Вернувшись в наш дом (как звучало, однако, – «наш дом»), я занялся чтением новых писем, которые получил от встреченного по дороге почтальона. Одно было от матери, другое от Юльхен. В послании сестры сообщались новости о поведении Гельмута, ухажера госпожи Кройцер. Он снова куда-то исчез и вообще не очень нравился сестре. Его подлинные намерения вызывали серьезные сомнения, и все советовали госпоже Кройцер потребовать от Гельмута объяснений. Ну да, подумал я, осталось лишь дождаться, когда добрый Гельмут объявится вновь, выскребшись из очередного бардака.

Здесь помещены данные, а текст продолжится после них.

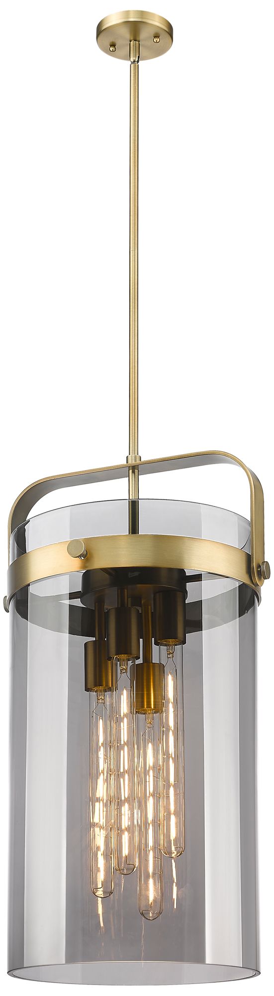 Pilaster 13.38" Wide 4 Light Stem Hung Brushed Brass Pendant w/ Smoke
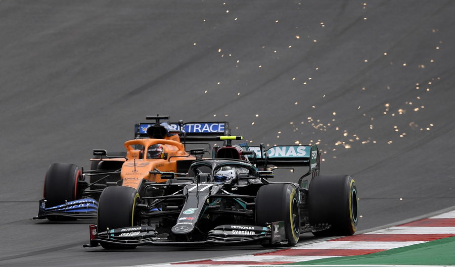 Formula One F1 – Portuguese Grand Prix – Algarve International Circuit, Portimao, Portugal – October 25, 2020 Mercedes’ Valtteri Bottas and McLaren’s Carlos Sainz Jr. in action during the race Pool via REUTERS/Jorge Guerrero

Дальше было интереснее. Юльхен сообщала, что ее «лучший друг», достигши семнадцати лет, намерен записаться добровольцем в войска СС. Я ухмыльнулся. Вот и тут наметилась определенность – у девушки имелся постоянный «друг». Интересно, была ли в курсе матушка? В связи с его патриотическим, но несколько скоропалительным («правда ведь?») решением Юлия пребывала в отчаянии, находила это глупостью (я, признаться, тоже) и просила меня (вот оно в чем дело!), как опытного и заслуженного фронтовика (мои заслуги перед империей она оценивала высоко), дать парню толковый совет. Желательно в том смысле, что лучше дождаться призыва в обычные вооруженные силы, в свой срок, как положено, а пока поработать в тылу. «А там, возможно, всё и кончится?» – с робкой надеждой вопрошала вюртембергская Джульетта. Ну да, конечно, кончится. И что я ему напишу? И главное, кому – ему или военному цензору?

Письмо от матери я прочел не целиком. Едва развернул, как уткнулся глазами в середину послания. И сразу понял, что такое последняя капля.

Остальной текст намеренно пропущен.